Should We Have Alimony In Indiana?
Although alimony is not currently available as an option to couples getting divorced in Indiana, per se, there is a growing consensus that maybe it should. The current rules for property division in a divorce goes back to 1973 when the Indiana General Assembly decided that property division should take one of two forms. Either a division of property or maintenance (sometimes also known as alimony). However, the rules make it very difficult for someone going through a divorce to get maintenance. In fact, you essentially have to either be disabled, or be the caregiver of a disabled child born of the marriage to qualify for maintenance in most situations.
Our current system presumes that if we simply divide all of the marital assets evenly that there should be no need for alimony. The problem with this idea is that in some cases when a couple gets divorced, you will have one spouse who earns a lot on a monthly basis, but with no assets of the marriage. This leaves the other spouse with little or nothing in the way of assets, and no way of earning what they need to survive.
Another issue with our current system is the fairness in dividing assets evenly. Our current system is what we call a “One Pot” system, where we put all of the couple’s assets and debts into one pot and then split it in half. Of course it is more complicated than that, but in essence that is how it works. Problems can arise when you have one spouse who either had a lot of assets before the marriage or inherited a large amount during the marriage. Our laws do allow for some things like inheritance to sometimes not be counted as a marital asset, but it is not guaranteed. When you have these types of assets, is it fair for the other spouse to automatically get half?
Indiana Senate Resolution 32 has called for a committee to be appointed to study the topic of spousal and educational support. The results of this study will help determine the tone of the discussion of whether we should allow alimony as an option to the courts in a divorce. Although there clearly are some issues with our current system, what would be a reasonable solution?

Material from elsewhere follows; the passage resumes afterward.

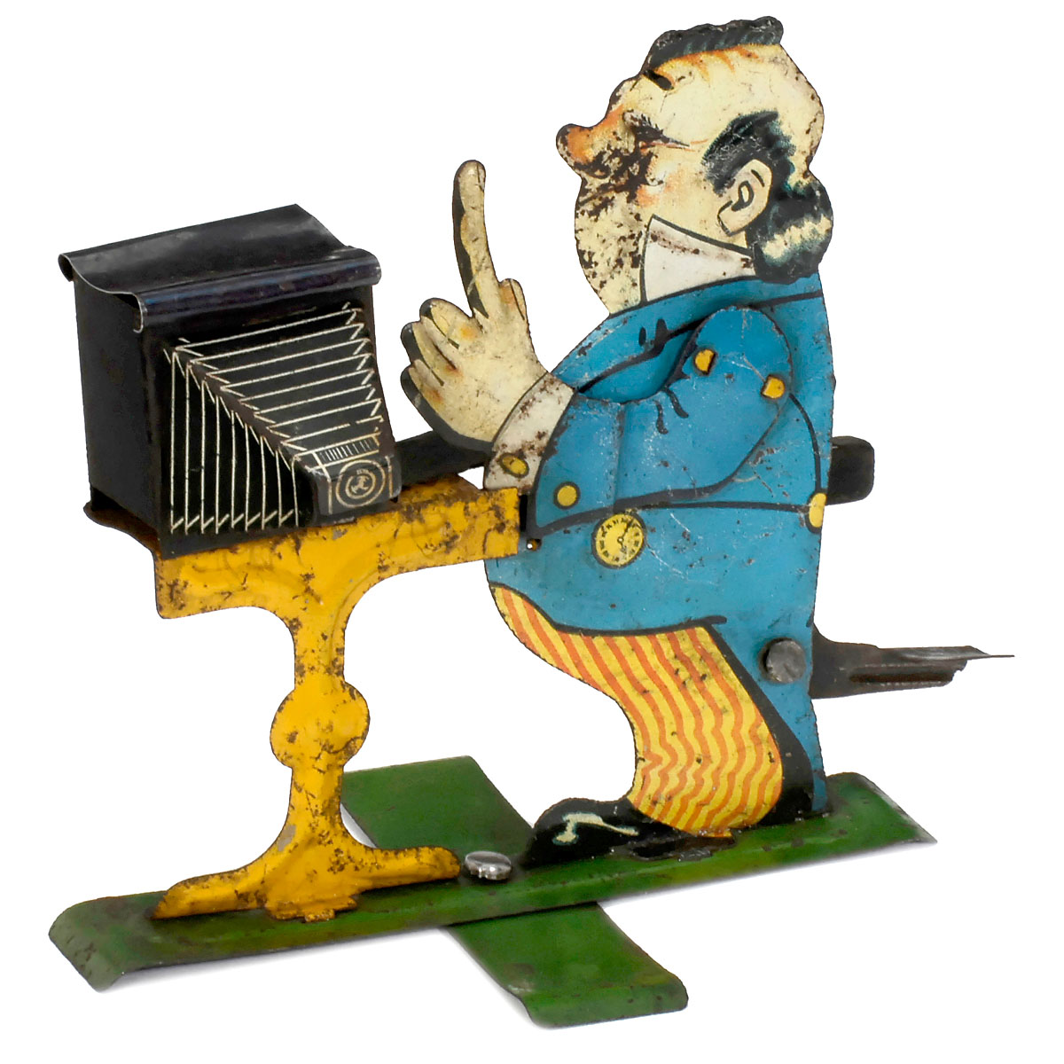 Unmarked. Lithographed figure with lever mechanism for the photographer's left hand and for camera-plate movement, lithographed tin, height 4 ¾ in.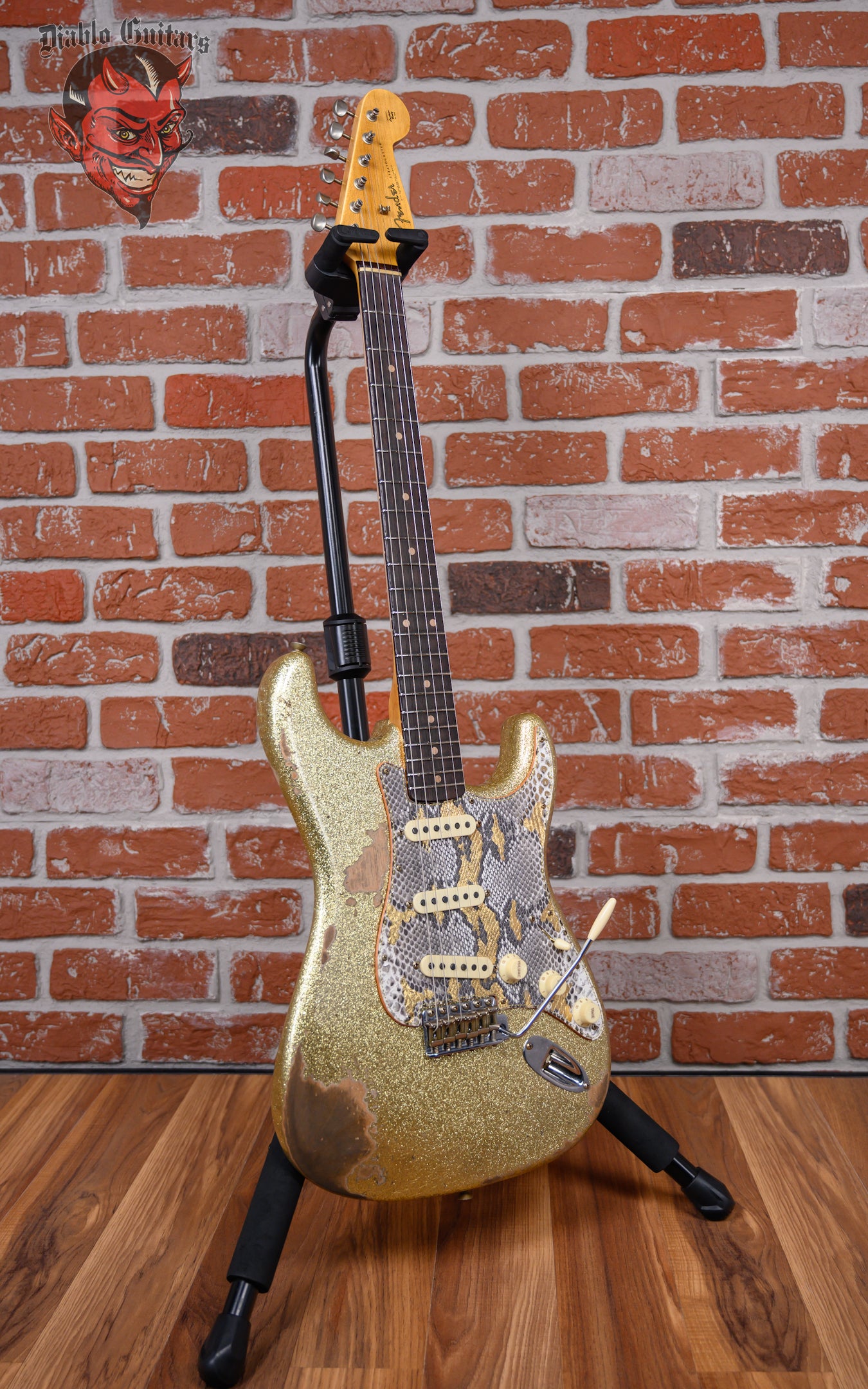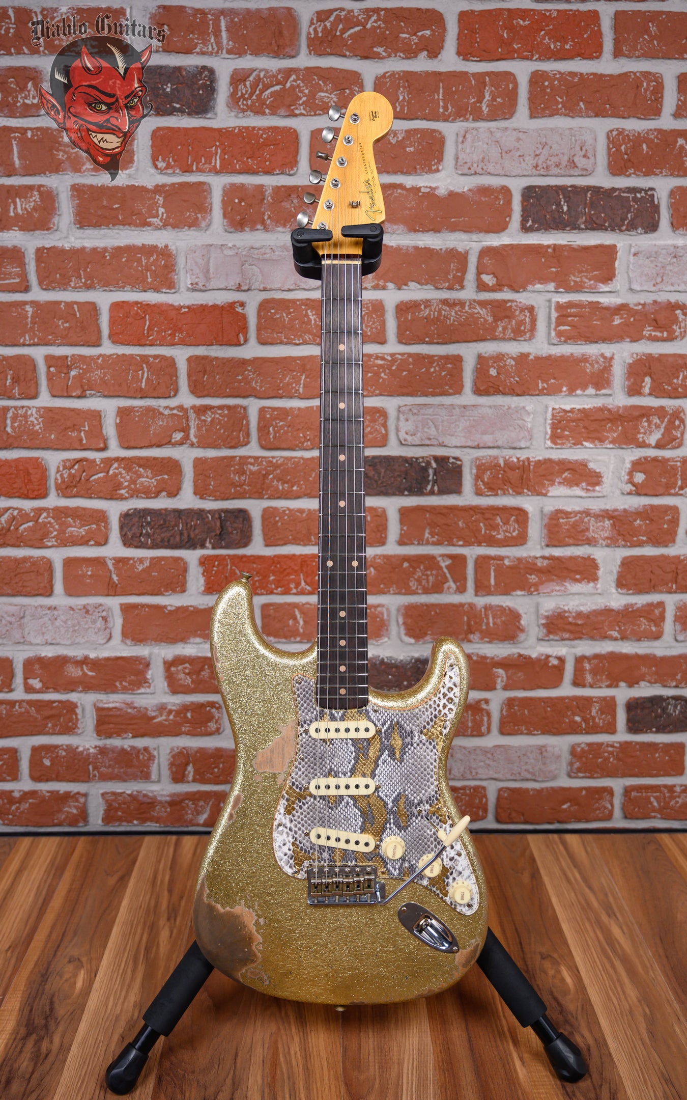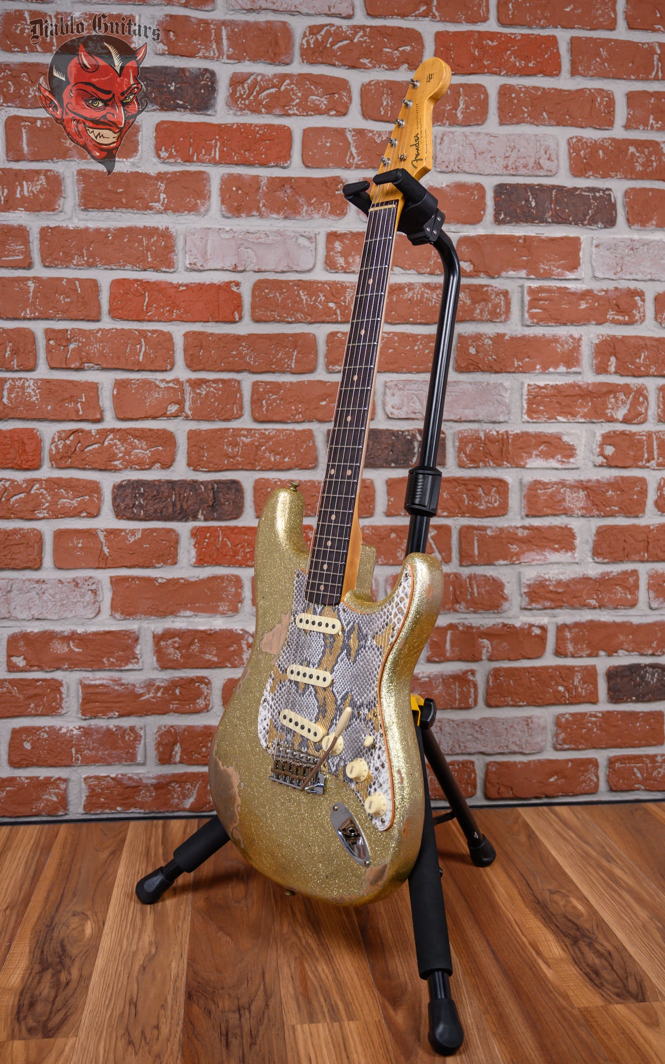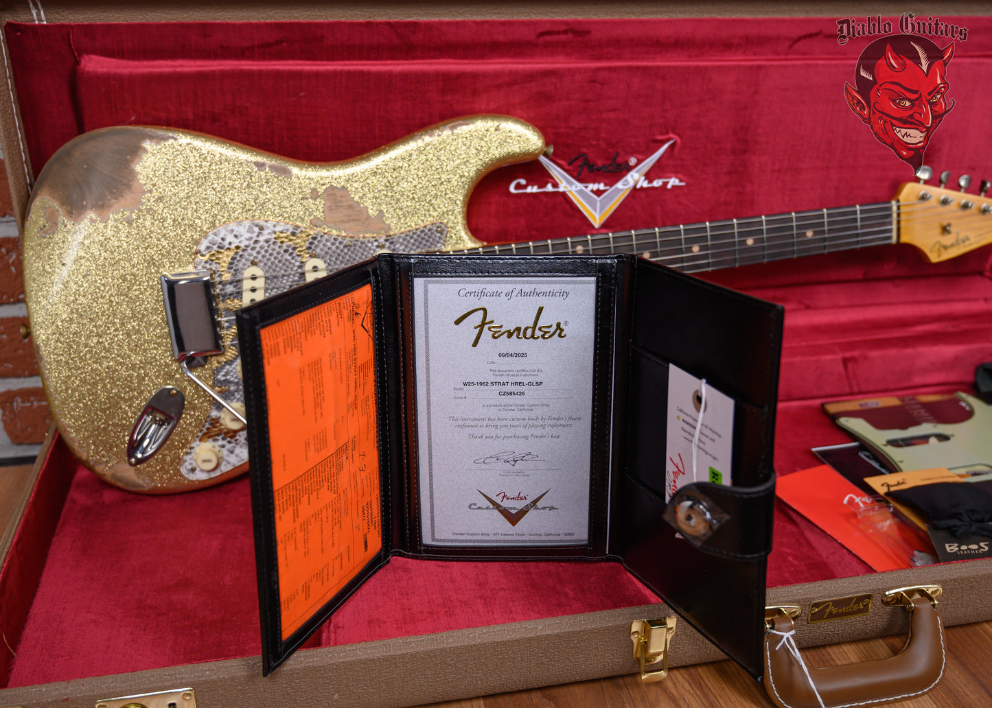 New Fender Custom Shop W25 Limited Edition 1962 Stratocaster Heavy Relic in Gold Sparkle finish made in 2025 with Original Hard Shell Case. This guitar features a solid alder body, quartersawn maple neck and guitar cites AAA 9mm rosewood fingerboard. Equipped with a Fender handwound 60/63 strat relic in the neck position, a Fender handwound 60/63 strat relic RWRP in the middle position and a Fender handwound 60/63 strat relic in the bridge position. Controlled by 1 volume, 2 tone pots and a 5-Way blade switch in vintage mod #2 wiring. The 25.5" scale length neck has micarta white dot inlays and micarta white side markers with 21 6105 narrow tall frets on a 9.5" radius with a 60's style oval "C" profile. The hardware is comprised of aged nickel/chrome Fender logo vintage style tuning machines with oval heads, a bone nut, a Fender american vintage tremolo bridge and vintage white top hat knobs with a Hand-made Boos Leather custom reticulated python skin leather pickguard.

On the one hand we could keep our current system as it is. This would allow us to keep the division of property in a divorce as a fairly simple and straight forward process, but it doesn’t address the issue of dealing with divorces with few to no assets. Our current system does allow for a fairly streamlined process which should end up requiring less time in court and less legal fees in most situations.
On the other hand, we could add alimony to our system, but then we would have to look at how we divide marital assets to make it more balanced based on the type of asset and when it was acquired. Some states like Florida have five different types of alimony, and require you to assess all of the couple’s assets to determine if they should be considered marital or non-marital in nature. This would make property division much more complicated and would require more time in court to argue the merits of your side, which in our current backlog of family law cases could just make things worse.
We could also allow for alimony in some situations and not allow it in others. Again, this would require more time in court arguing the merits of both sides, and ultimately we would be forcing our judges to decide who deserved alimony and who didn’t.
There is no clear answer, and it is likely that we will never have a system that fits every situation. Although there are unquestionably situations where alimony is appropriate and needed, but a complete re-haul of our system will be costly and time consuming for everyone.